Quando di manifesta?

I sintomi si rendono evidenti al momento dell’iscrizione alla scuola dell’infanzia o alla scuola secondaria, poiché i bambini manifestano una scarsa adattabilità alle regole sociali nei confronti degli altri compagni o degli insegnanti, unita ad un basso livello di attenzione, distraibilità e scarso controllo degli impulsi.

Un intervento multimodale

Il progetto riabilitativo per un bambino/ragazzo con ADHD deve tener conto della possibilità di pianificazione un trattamento che consideri la complessità del disturbo. Nel corso degli anni la clinica ha visto come modello dell’elezione l’intervento multimodale che vedere coinvolti il bambino/adolescente, i genitori e gli insegnanti; inoltre l’intervento multimodale combina interventi psicosociali con terapie mediche.

con il bambino: L’intervento cognitivo-comportamentale utile per il bambino/adolescente vede coinvolti i principali tre sintomi del disturbo: attenzione, impulsività e iperattività. L’intervento riabilitativo prevede incontri in cui i principali obiettivi sono: 1) sviluppare una migliore relazione interpersonale con genitori, fratelli, insegnanti e coetanei; 2) attenuare i comportamenti dirompenti ed inadeguati; 3) aumentare le capacità di apprendimento scolastico; 4) aumentare le autonomie e l’autostima; 5) migliorare l’accettabiltà sociale del disturbo.
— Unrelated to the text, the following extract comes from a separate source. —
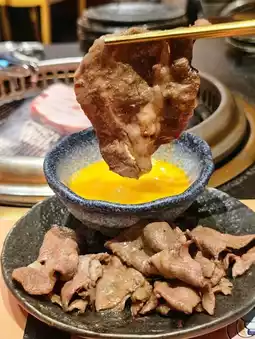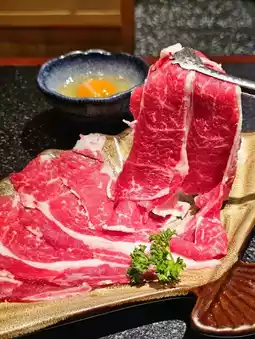 - Thin slices of M9 wagyu beef, cooked after a few flips! The soft and tender texture melts in your mouth, and it tastes even better when paired with egg yolk!

Con i genitori: Ai genitori viene dedicato un lavoro che può essere svolto sia con le singole coppie genitoriali sia in gruppo (Parent Training) e ha lo scopo di aumentare la comprensione dei comportamenti del bambino/ragazzo, per fornire strategie per la loro gestione e modificazione, per permettere una migliore qualità di interazione all’interno della famiglia e con del contesto sociale.

Con gli insegnanti: Il lavoro svolto con gli insegnanti è di fondamentale importanza ed è un lavoro integrante ed essenziale nel percorso terapeutico di un bambino o adolescente con ADHD (Linee Guida SINPIA, 2003). Gli incontri sistematici che il clinico svolge con gli insegnanti hanno diversi obiettivi: informare sulle caratteristiche del disturbo, fornire strategie educative per migliorare il rapporto tra alunno con ADHD e insegnati e migliorare l’ambiente scolastico.